La rana en cuestión pertenece a una especia tan rara que lleva los embriones en el estómago y logra parirlos por la boca, sin que se sepa todavía cual es el mecanismo que utiliza para inhibir los ácidos gástricos e impedirles que digiera a su prole. Pero el asombro estriba, por supuesto, en la hazaña humana de recuperar un individuo desaparecido manipulando materiales que le pertenecieron como injertos en cuerpos similares, una acción realmente fáustica que permite entrever la enormidad del progreso que nos aguarda el día en que estos prodigios no sean ya más que escarceos. La vida, en esencia, es una sustancia sutil y al parecer empeñada en conservarse incluso en las peores circunstancias. Lo que, al tiempo que esperanzador, no deja de ser escalofriante a poco que consideremos a esa rana “reconstruida” audaz y temerariamente en el laboratorio.

La otra prensa

La Gran Bretaña es conocida como un país civilizado y respetuoso con la libertad ajena. Su prensa amarilla es, por el contrario, una de las más detestables. En estos momentos se sustancia en aquella sociedad un brioso pulso entre ese periodismo encanallado y las víctimas del espionaje de la intimidad, que se cuentan por muchos cientos y no sólo por los abusos del magnate Murdock. Hablamos de un país en el que los padres son capaces de explicar a sus hijos el cambio de sexo de su profesor de una manera sencilla y, de paso, leerles la cartilla, una sociedad abierta en la que es posible que la dirección de un colegio comunique a los padres una decisión de ese calado con esta frase modélica: “El señor Upton ha pasado recientemente por un cambio significativo en su vida y hará una transición para vivir como una mujer”. Qué lejos de este país nuestro de cabreros, ¿no? Pero también hay que decir que, junto a tan admirable cultura del respeto, ha crecido la ortiga irritante e invasora de esa industria del cotilleo que es el periodismo alcahuete. En el caso del “señor Upton”, devenido en “señorita Meadows”, acabamos de ver ese tumor bajo la poderosa lente que suele proporcionar la tragedia, y hemos contemplado la terrible escena del suicidio de una profesora que, según había improvisado un periodista cretino, “no sólo había elegido el cuerpo equivocado sino el trabajo equivocado”. Ya ven qué miseria, y ya ven que contradiós, que con la complicidad de la prensa huelebraguetas, ha conseguido que una profesora que, según esos padres admirables, “nació con el cerebro de una mujer y el cuerpo de un hombre”, se haya visto acosada hasta el extremo de quitarse la vida. El cretino, un tal Litteljohn, puede estar miserablemente contento. Sus lectores, también.

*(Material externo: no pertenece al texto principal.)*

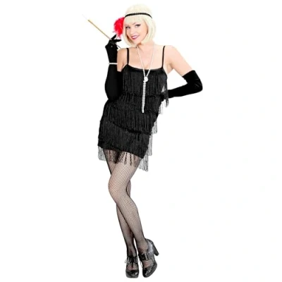 With this costume from Widmann, you can transform yourself into a seductive dancer from the 20s The costume for adults is available in size S Included are the black dress and headband with red feathers The dress is decorated on the front with fringes that will swing along when dancing With matching accessories such as a cigarette holder or a pearl necklace (not included), you can perfectly complement the 20s outfit, Manufacturer: Widmann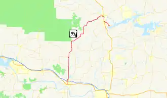 The highway passes through Beverage Town, Scotland and Walnut Grove before entering Clinton. In the city, Highway 95 begins an overlap with U.S. Route 65B (US 65B) heading south. The concurrent routes pass near the Van Buren County Courthouse and Walter Patterson Filling Station, both NRHP-listed properties.[4] US 65B terminates at the parent route, and US 65/Highway 95 run south until Highway 95 splits from US 65 near the Ozark Health Medical Center. The route runs southeast to terminate at Highway 330 near Greers Ferry Lake.[3]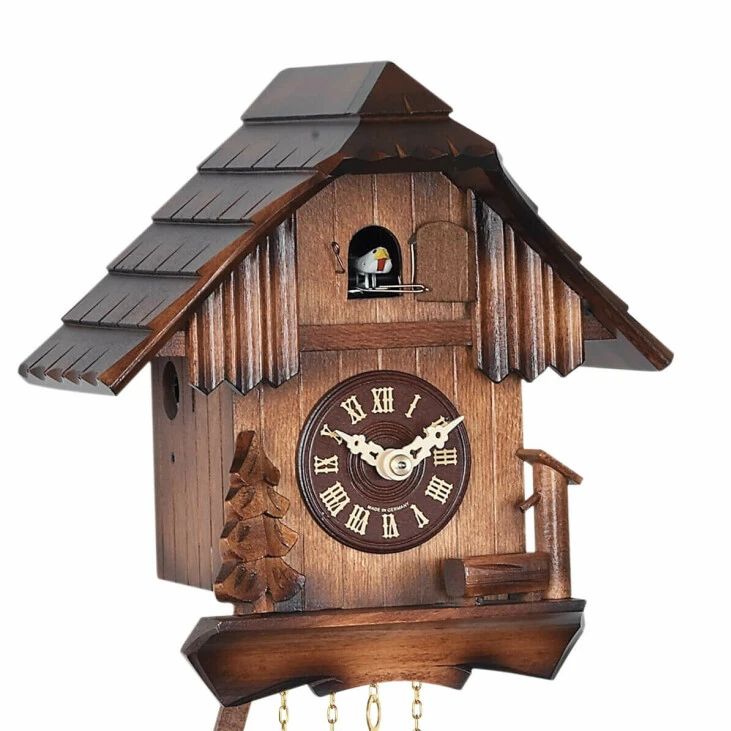 Véritable coucou de la Forêt Noire, réalisé en bois de tilleul et équipé d’un mouvement à quartz. Les sculptures et peintures sont réalisées à la main en Forêt Noire (Allemagne). Un certificat d’authenticité sera d’ailleurs livré avec votre coucou.

Aquí aún no hemos llegado a tanto –¿o sí, y no lo sabremos?–, por más que hayamos asistido durante estos últimos años a un festival en un pudridero en el que colaboran, cuando se tercia, periodistas y políticos. En nombre de la libertad de expresión, faltaría más, y con la misma indiferencia con que una jauría de lobos daría cuenta del conejillo sorprendido. Y de semejante guarrada no es responsable sólo el “medio” amarillo ni sus feroces predadores, sino también, y en primer término, diría yo, la muchedumbre moralmente asilvestrada que devora cada día su ración de “qué dirán”. Un réquiem por esta penúltima víctima y todo el asco del mundo para sus verdugos virtuales.